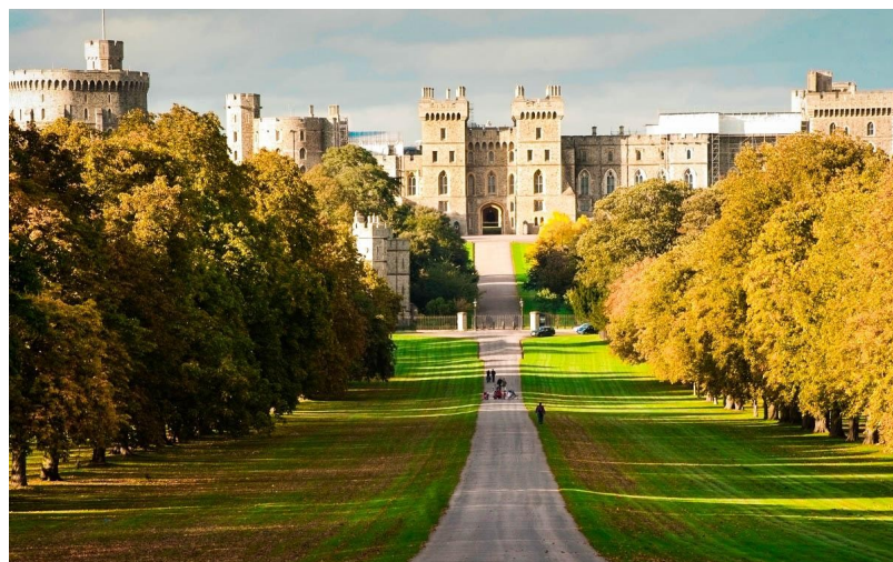
The Windsor Castle estate complex, England. Residence of the British monarch.
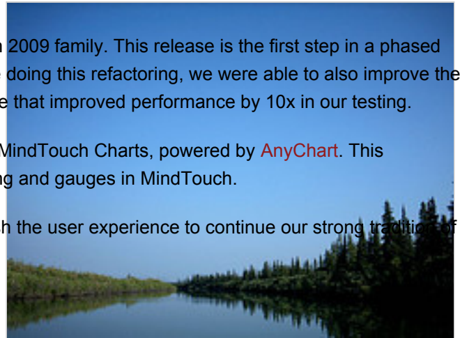
Lil' Noatak River

And is the case with all our releases, we have continued to polish the user experience to continue our strong tradition of providing a product that is incredibly easy to use.
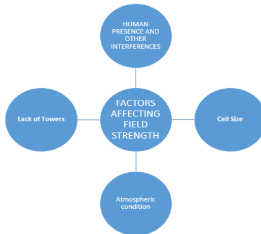
Fig. 1: Factors affecting signal strength

5. Lack of Towers: Cellphone carriers are supposed to reduce the distance of the cell phone towers and the Cell phones to a bare minimum to keep the cell size low. Larger cell sizes require the carriers to transmit a higher signal strength which can have several economic and health related repercussions. The cell towers are often placed in a honey comb design to provide a perfect coverage in a particular area. When you move out of a cell the signal is handed over to the neighboring cells to make mobile communication possible. This can be a problem with the lack of adequate towers placed in rural areas[4].
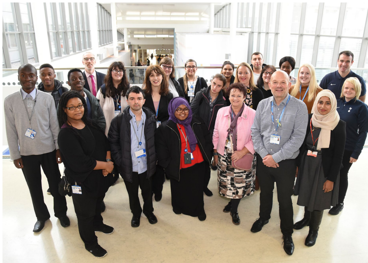
Interns and staff at PROJECT SEARCH North Middlesex Hospital Supported Internship.

This document is also useful for young people with health and care needs that do not have an Education, Health and Care plan.
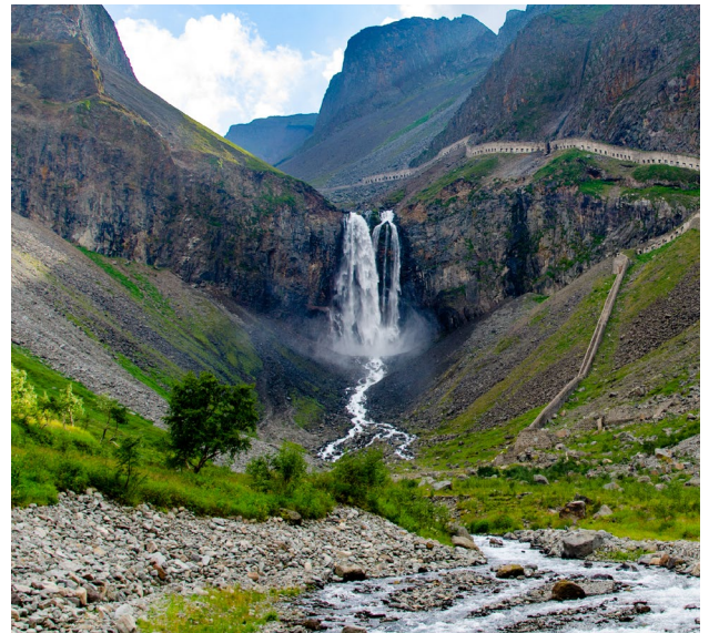
Changbai Waterfall | 长白山瀑布
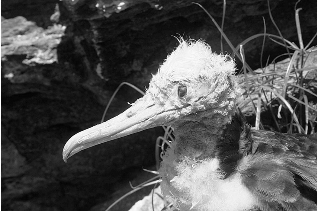
FIGURE 1. Skin lesions and cornea alteration in a Frigatebird chick.

maxima , Sterna eurygnatha , Sterna fuscata , Anous stolidus , and Larus atricilla ). In the following 2 wk, 33 more dead chicks were recorded, and 27 chicks had clinical signs. After 1 mo, 41 additional dead chicks were recorded. Through intense monitoring of nests, it was confirmed that symptoms were always lethal: no animal with clinical signs recovered.

* _Exercise prompt_: Both ends included, copy word for word the lines from the top of the entries above through the line with "Fig. 1: Factors affecting signal strength". No pictures.

* _Reply_:
The Windsor Castle estate complex, England. Residence of the British monarch.
Lil' Noatak River

And is the case with all our releases, we have continued to polish the user experience to continue our strong tradition of providing a product that is incredibly easy to use.
Fig. 1: Factors affecting signal strength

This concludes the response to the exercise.